INFORMATION SUPPLIED —
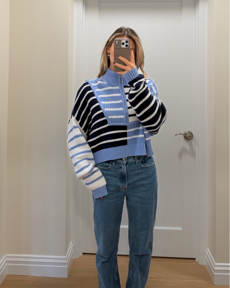 This cozy yet stylish striped knit sweater is perfect for a casual weekend brunch or day out shopping with friends.
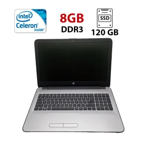 Ноутбук HP 250 G5 / 15.6" (1366x768) TN / Intel Celeron N3060 (2 ядра по 1.6 - 2.48 GHz) / 8 GB DDR3 / 120 GB SSD / HD Graphics 400 / WebCam б/в
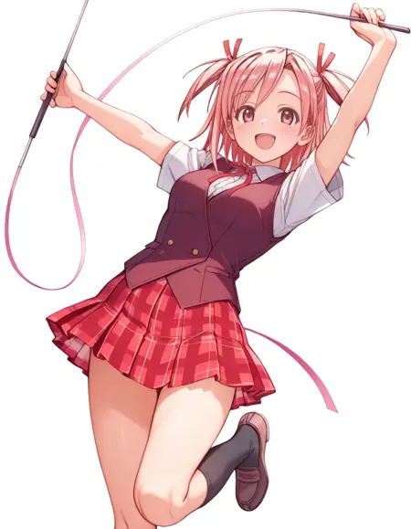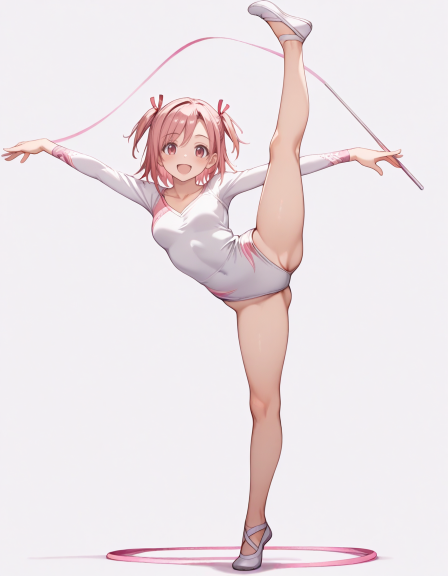 若在关键词中加入体操相关的 rhythmic gymnastics,模型可能会自动添加彩带或棒子,或做出跳跃、翻腾等动作,建议多加尝试。

YOUR GOAL —
Return the material as it stands. Leave out the pictures.

RESPONSE BELOW —
 This cozy yet stylish striped knit sweater is perfect for a casual weekend brunch or day out shopping with friends.
 Ноутбук HP 250 G5 / 15.6" (1366x768) TN / Intel Celeron N3060 (2 ядра по 1.6 - 2.48 GHz) / 8 GB DDR3 / 120 GB SSD / HD Graphics 400 / WebCam б/в
 若在关键词中加入体操相关的 rhythmic gymnastics,模型可能会自动添加彩带或棒子,或做出跳跃、翻腾等动作,建议多加尝试。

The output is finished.